ASSIGNED TASK: Among the entries that follow, the required portion opens with the line containing "Then: Moby joined" and closes with the line containing "ينظر التحالف العربي". Give that portion again exactly, and nothing else.

DATA TO USE:
--------------------------------------------------

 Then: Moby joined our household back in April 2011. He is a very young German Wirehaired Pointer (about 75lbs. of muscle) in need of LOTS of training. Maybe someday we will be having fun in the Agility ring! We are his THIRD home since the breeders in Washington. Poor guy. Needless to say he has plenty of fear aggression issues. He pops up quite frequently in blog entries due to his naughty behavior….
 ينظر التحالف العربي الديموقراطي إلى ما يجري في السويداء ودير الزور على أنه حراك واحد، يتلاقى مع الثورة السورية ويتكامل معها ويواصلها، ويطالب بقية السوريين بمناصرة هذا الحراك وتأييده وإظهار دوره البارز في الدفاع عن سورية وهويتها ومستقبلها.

--------------------------------------------------

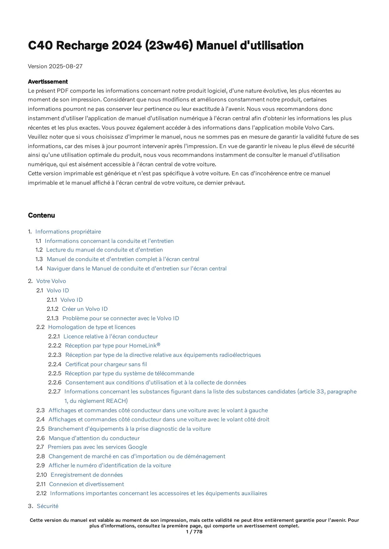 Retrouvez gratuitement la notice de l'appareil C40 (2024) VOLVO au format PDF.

--------------------------------------------------

SOLVED EXERCISE:
 Then: Moby joined our household back in April 2011. He is a very young German Wirehaired Pointer (about 75lbs. of muscle) in need of LOTS of training. Maybe someday we will be having fun in the Agility ring! We are his THIRD home since the breeders in Washington. Poor guy. Needless to say he has plenty of fear aggression issues. He pops up quite frequently in blog entries due to his naughty behavior….
 ينظر التحالف العربي الديموقراطي إلى ما يجري في السويداء ودير الزور على أنه حراك واحد، يتلاقى مع الثورة السورية ويتكامل معها ويواصلها، ويطالب بقية السوريين بمناصرة هذا الحراك وتأييده وإظهار دوره البارز في الدفاع عن سورية وهويتها ومستقبلها.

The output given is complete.